SOUNDTRACK: LARA DOWNES-Tiny Desk (Home) Concert #29 (May 30, 2020).
I don’t know Lara Downes, although from the picture you can see that she is a pianist, obviously. But she also works in communities with young people–something she has been unable to do since the coronavirus took over.
This Tiny Home Desk is visually more interesting than most of the others, because she has a mobile cameraman, her son Simon, who walks around and zooms in on her fingers and elsewhere.
She plays three songs
all from her recent album Some of These Days… They are strong statements that resonate in new ways. From Margaret Bonds, one of the first celebrated African-American women composers, there’s “Troubled Water,” a poignant riff on the spiritual “Wade in the Water” that Downes says takes a “journey from classical virtuosity to gospel, jazz, blues and back again.”
It has a very fluid feel but is also quite dark.
The next piece surprised me not because of the song but because of the arranger. Samuel Coleridge-Taylor, yes the author, created this arrangement of “Deep River.” I’m surprised that there is nothing else said about him. I had no idea he was musical as well.
She says there are many interpretations of the river in this song. For some, it is crossing over into the afterlife. In the time of slavery, it meant crossing to freedom. For Downes it represents “crossing over” the coronavirus crisis, to something better.
She is looking to raise money for FeedingAmerica. If you go to her site and donate you can get a signed copy of her new album.
The final song is Florence Price’s “Some of These Days,” which she sees as a vision of better times ahead. It is a beautiful slow piece.
The set ends with a jump edit to her snuggling her beloved pooch, Kona.
[READ: May 31, 2020] “Two Nurses, Smoking”
This story is broken up into titled paragraphs. The title often works as the first part of the first sentence. At first I didn’t understand this technique, but by the end it made a lot of sense.
The story is indeed about two nurses smoking.
Gracie grew up living in a motel that people paid for week by week. A high school counselor encouraged her to go to nursing school. Marlon grew up on the Shoshone reservation then his mother moved East and married a man who drank as much as she did. He had been in the war and has a scar from an IED.
Gracie worked with kidney stone patients–employing the kidney pounder (a lithotripsy machine) that breaks up kidney stones.
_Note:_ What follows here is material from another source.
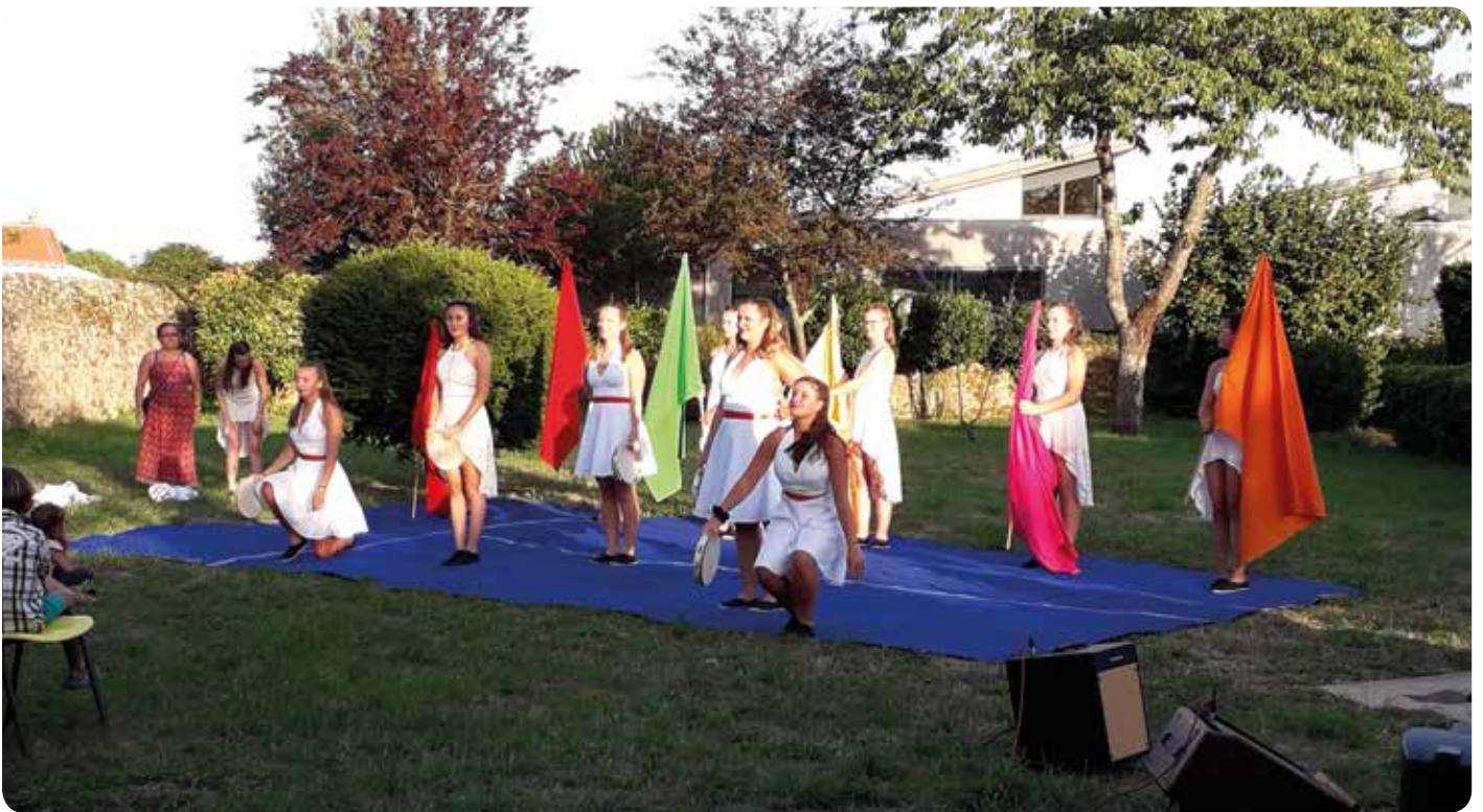
La Festi Family

Marlon worked in the E.R.
They started bonding over their jobs and their patients, one thirty minute cigarette break at a time.
After about two dozen paragraphs, one is titled WE SHOULD GET OUTTA HERE and they head to a hotel.
What makes the story and the technique interesting is that a later section is titled NO.
And it continues, “Wait, before they go to the hotel, they stopped at a diner.” There are seven “NO” sections in all, each one backtracking to get more information.
Then the story resumes with a SO. Now there are in a bed listening to each car passing on the road.
It’s the details of their lives unfolding that make the story sing.